No me sentía cómodo con su presencia, y menos aún cuando se bajó la mascarilla.
―¿De verdad que no me recuerdas, Canicas?
Hacía siglos que nadie me llamaba así. Había adelgazado, bastante, pero sin duda era él.
―¿Boliche? ¿Eres tú?
―El mismo.
―Pero, es increíble, ¿desde cuándo no nos veíamos?
―Desde que acabó el instituto. Tú te fuiste a Barcelona, para estudiar en la Universidad. Me alegra que hayas vuelto por Madrid.
―Siento no haberte reconocido, estás tan…
―Cambiado no sería la palabra, con estas pintas y oliendo tan mal. Pero he adelgazado, lo has notado, ¿eh?

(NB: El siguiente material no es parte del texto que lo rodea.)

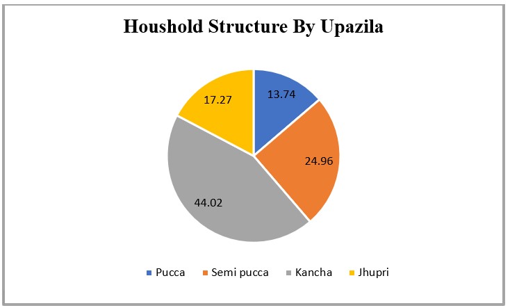 Displacement risk in Teknaf is amplified by the high proportion of weak household structures. Although the population density is moderate at 859 persons per km², the combination of significant kancha housing and one of the highest shares of jhupri structures makes the area susceptible to disaster-related displacement. Moderate sanitation levels provide only limited resilience, resulting in an overall displacement risk rated as medium–high.

―Sí, la verdad es que sí. Y te sienta genial la bufanda.
Boliche la acarició, era realmente fea pero de lana y parecía ser calentita. Hizo el gesto de sentarse a mi lado.
―Lo siento Boliche, debo irme, no sé cómo he podido quedarme dormido… últimamente trabajo demasiado.
Dejé el bocadillo en el banco y me fui del andén sin mirar atrás, sin tan siquiera valorar que estaba haciendo el ridículo; de un andén te vas si has llegado, no si esperas.
Ya en casa fui incapaz de decirle a Luisa que me había encontrado con Boliche, que había adelgazado y que parecía otro, bajo esos harapos y con la barba tan larga. Ni que había dejado expreso el bocadillo de jamón, ni que la bufanda a él no le sentaba tan mal. Ni que al día siguiente volvería a ponerme el traje para ir al metro, no al trabajo, que nos habíamos quedado sin paga doble justo cuando más la necesitábamos. No le dije tampoco que, caminando de regreso a casa, recordé haber visto a Boliche, pidiendo en la entrada del metro o tocando la guitarra. Siempre fue el mejor en la clase de música, tenía un talento innato. No le dije a Luisa tampoco que era la única persona con la que me apetecía estar, la que quizás me entendería. Y a su pregunta de si le había gustado la bufanda al jefe tan solo pude contestar que sí, que mucho.
Relato presentado al concurso Una Navidad diferente, organizado por Zenda e Iberdrola.